На фронт он попал под конец войны, как говорится, к шапочному разбору. Ветераны полка звенели густыми наборами орденов и медалей. Молодых ветераны встретили хорошо, но держали на некоторой дистанции. Ну что ж – это было их законное, оплаченное кровью право. Разве могли молодые знать, как драться на ветхом "ишачке" против звена "сто девятых"? Разве им захлебнуться чувством бессильной злобы, когда на пару горбатых "харрикейнов" обрушивается свора "мес-сершмиттов" и ты крутишься, крутишься в сумасшедшем вираже отлично сознавая, что это единственный маневр, дающий тебе хоть какое-то преимущество перед противником? Разве эти мальчики, прилетевшие на фронт на новеньких, с иголочки, ДА-5, смогут когда-нибудь принять в свои сердца тех, кого они никогда не видели и теперь уже не увидят, тех, чьими жизнями оплачена победа?

Хабаров попал в руки майора Гордеева.

Первый вылет – разведка.

Они шли парой на высоте полторы тысячи метров. Лес, скалы, озера – пестрый, казалось, совершенно мирный пейзаж расстилался под ногами. Неожиданно слева ударили зенитки. Что это были зенитки, Виктор сначала даже не сообразил. Просто увидел, как в голубом, чистом небе стали набухать и стремительно лопаться дымные шары. Пожалуй, это было даже красиво.

И тут же услышал:

– Вега-84, перестройся влево.

Он перестроился. Ведущий, снижаясь, протащил его сквозь дымные разрывы и приказал:

– Внимание, пикируем…

Суть первого боевого вылета Хабаров понял много позже. Суровый майор, один из лучших воздушных бойцов фронта, умышленно и рискованно крестил его огнем чужих батарей. У Гордеева был принцип: не дрогнет – берем, дрогнет – на мусор. Майора ругали: "Ну, а если ты за зря человека потеряешь, кому от этого польза?"

– Война, – возражал Гордеев. – Тут ничего угадать нельзя, – и хмурил черные цыганские брови.

Над зенитками Хабаров не дрогнул. Не дрогнул потому, что не понял, какому риску подвергался. Дымные разрывы зенитных снарядов не показались ему опасными. А потом, когда понял, что к чему, долго не мог уснуть, ворочался, метался в спальном мешке и забылся только под утро. И ему снился человек-червяк, проткнутый лыжной бамбуковой палкой…

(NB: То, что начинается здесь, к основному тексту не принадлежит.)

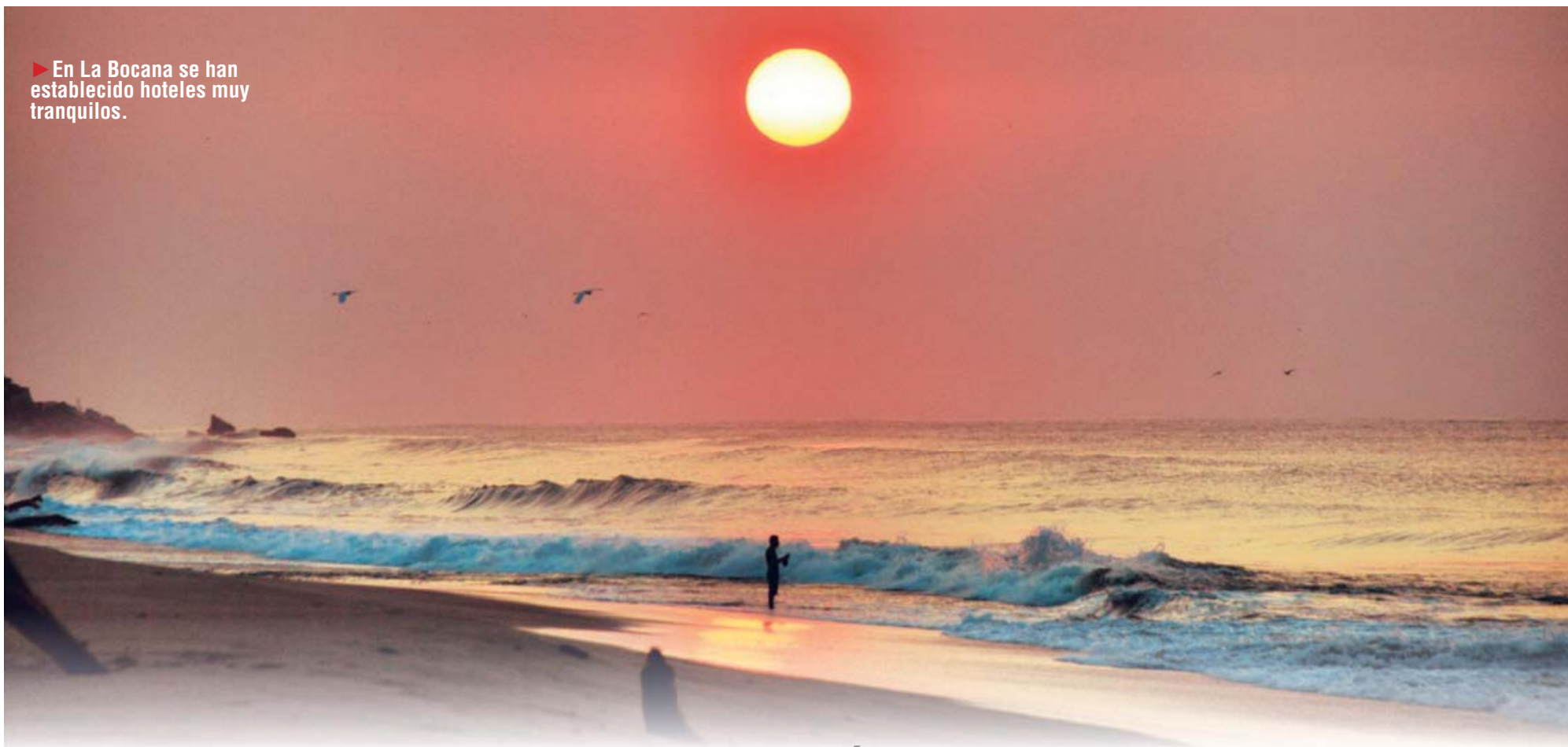
► En La Bocana se han establecido hoteles muy tranquilos.
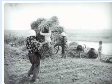
増水後の荒川堤外での麦刈り

戸田市立郷土博物館研究紀要第32号2024 p.34-49 佐藤勝巳「戸田市史」を読む(1) - 「美女木村」を題材として -
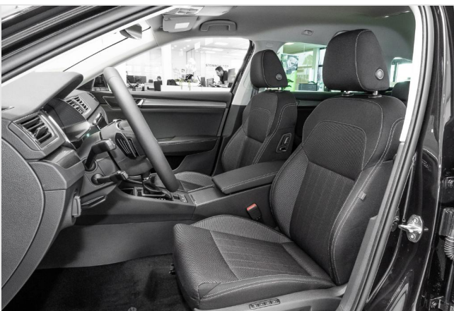
Dormagen GOTTFRIED SCHULTZ
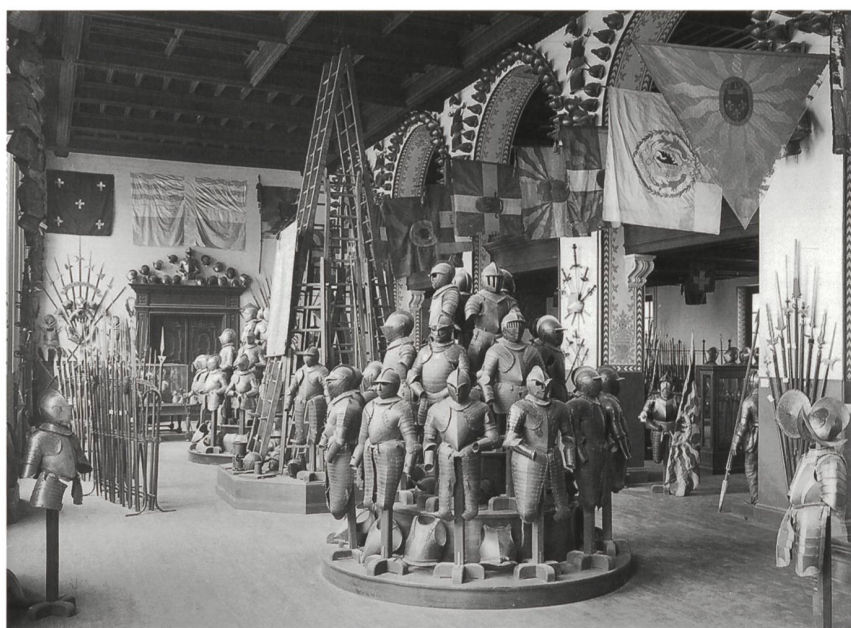
7 La Salle des Armures du Musée d'art et d'histoire, entre 1913 et 1915.

En octobre 1907, on procède au démontage du plafond en menuiserie ornant une partie de l'ancienne Salle des Armures à l'arsenal, qui sera restitué et complété aux dimensions de la nouvelle salle du Musée d'art et d'histoire 32 . Celle-ci est livrée à Galopin dès le début de l'année 1909, c'est-à-dire environ quinze mois avant l'inauguration officielle. Son aménagement commence courant février par « un premier convoi d'armures, d'armes en râteliers ou emballées en caisses », les transports de l'ancien arsenal au nouveau musée se succédant à intervalles irréguliers jusqu'en décembre. À la fin de l'année, la grande salle est « presque entièrement installée,
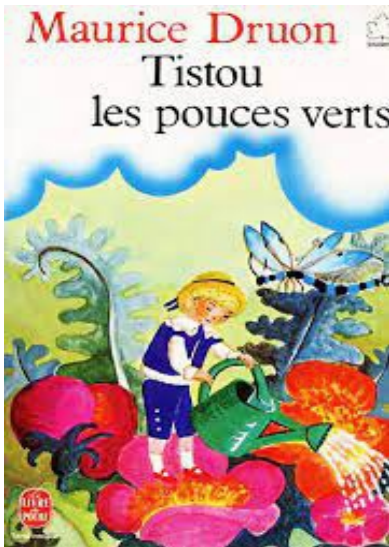
Quelques couvertures des
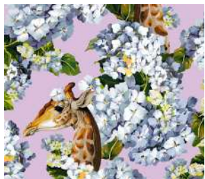
The hortense dream Lilac
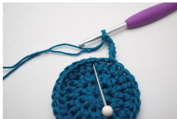
6. Hopp over 1 m og hekle 1 fm i neste m".
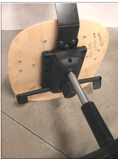
Vista da sotto
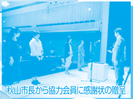
秋山市長から協力会員に感謝状の贈呈
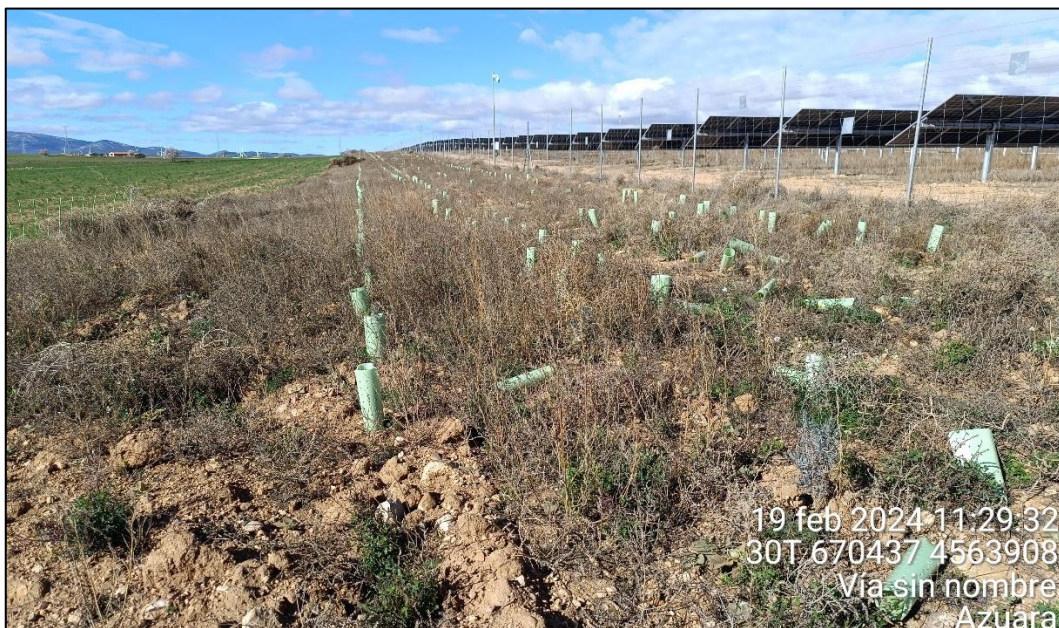
Figura 3: Colonización natural de vegetación en el espacio entre plantones

Por otra parte, la colonización por parte de la vegetación natural de los espacios entre plantones, en general, es bastante favorable y presenta una densidad alta.
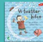
Vi tvättar bilen
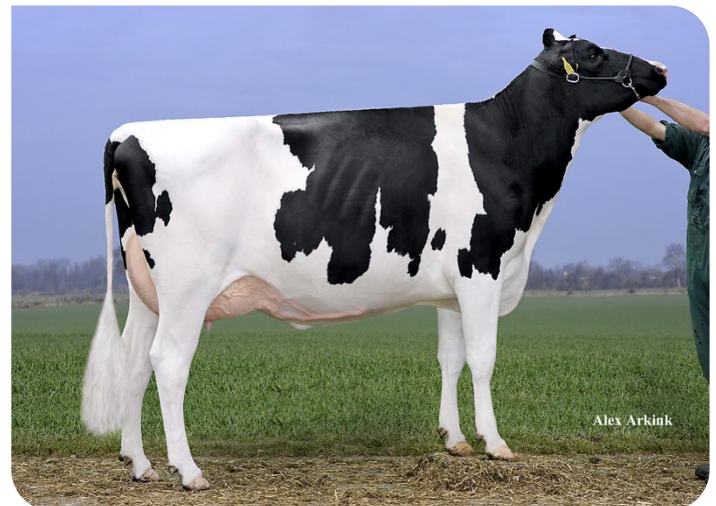
Drouner AJDH Aiko (AB 87) (moeder van Kentucky (Pp))
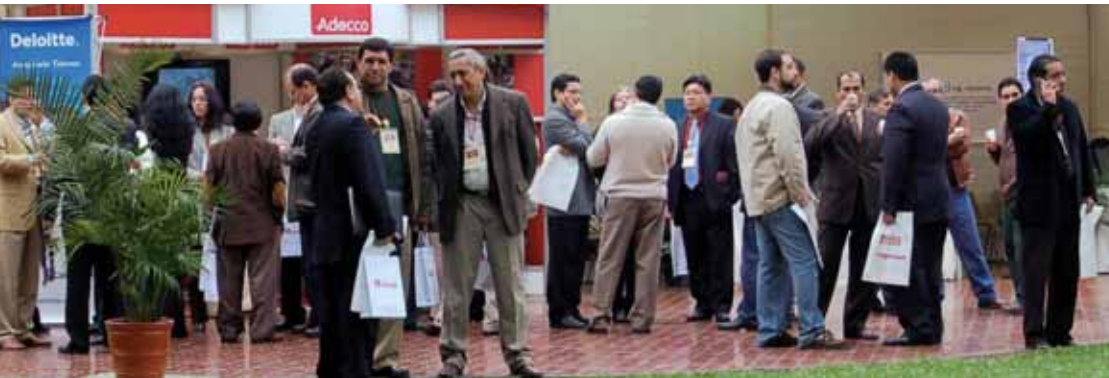
Estrategia de empleabilidad: más de 600 ex alumnos retomaron contacto con "head hunters" y actualizaron su perfil profesional.

Como siempre la diversión y alegría estuvieron presentes gracias al almuerzo de camaradería ofrecido por ESAN. La ocasión también fue propicia para distinguir a las promociones que han cumplido este año bodas de plata: los 76 graduados del MBA promoción 1982 y los 371 egresados de los PADE del mismo año. Sus integrantes, muy aplaudidos, recibieron un distintivo por parte de las organizaciones de ex alumnos y un diploma conmemorativo de ESAN.
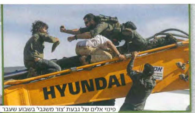
פינוי אלים של גבעת 'צור משגבי' בשבוע שעבר
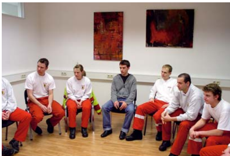
Abb. 8: Der kollegiale Austausch steht im Vordergrund – Debriefing ist keine Psychotherapie!

Debriefings möglichst sachlich dargestellt und ausführlich erläutert werden. Helfer sollten die laufende Debriefing-Diskussion verstehen und nachvollziehen können, sie müssen dementsprechend informiert und aufgeklärt werden. Vielleicht kann dieser Artikel einen Beitrag dazu leisten.
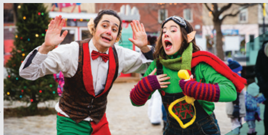
Auguste Théâtre Noël dans le Parc
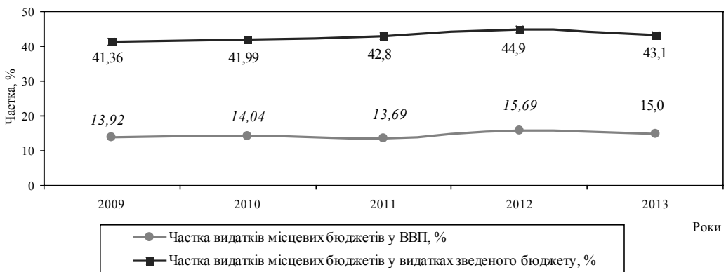
Рис. 1. Динаміка частки видатків місцевих бюджетів України (без урахування міжбюджетних трансфертів) у ВВП та видатках зведеного бюджету у 2009–2013 рр., %.*

– найбільшу питому вагу у видатках місцевих бюджетів України упродовж 2011–2013 рр. займали видатки соціального спрямування – 81,98% (середній показник за три роки), зокрема, на освіту – 32,85%, соціальний захист і соціальне забезпечення – 23,77%, охорону здоров'я – 21,57%, культуру, мистецтво, фізичну культуру, спорт, засоби масової інформації – 3,79%.
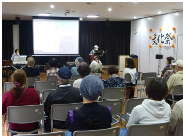
歌声喫茶 & ToPaZ (伴奏と歌)
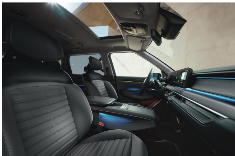
Wersja Earth wnętrze RBQ, opcja CP1
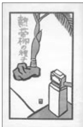
私の稀覯本ノート その11

これは世につたえておきたい かたっておきたい わが胸の底から真実のおもい 人生幾山河のめぐりあい あの日の風やひかり そして空のひとひら 哀歓のかがり火に生きた幾年月の路 「自分史図書館」はその証言館です。

Никогда и никому не рассказывал Виктор Михайлович об этой истории, к счастью, открывшейся перед ним во всех подробностях не в день первого боевого вылета, а много позже, когда он уже приобрел некоторый боевой опыт и прочную уверенность, что он лично непременно доживет до победы…

Хуже было после войны. Уже в испытательской жизни. В пору, когда имя майора Хабарова начали произносить с особым уважительным акцентом.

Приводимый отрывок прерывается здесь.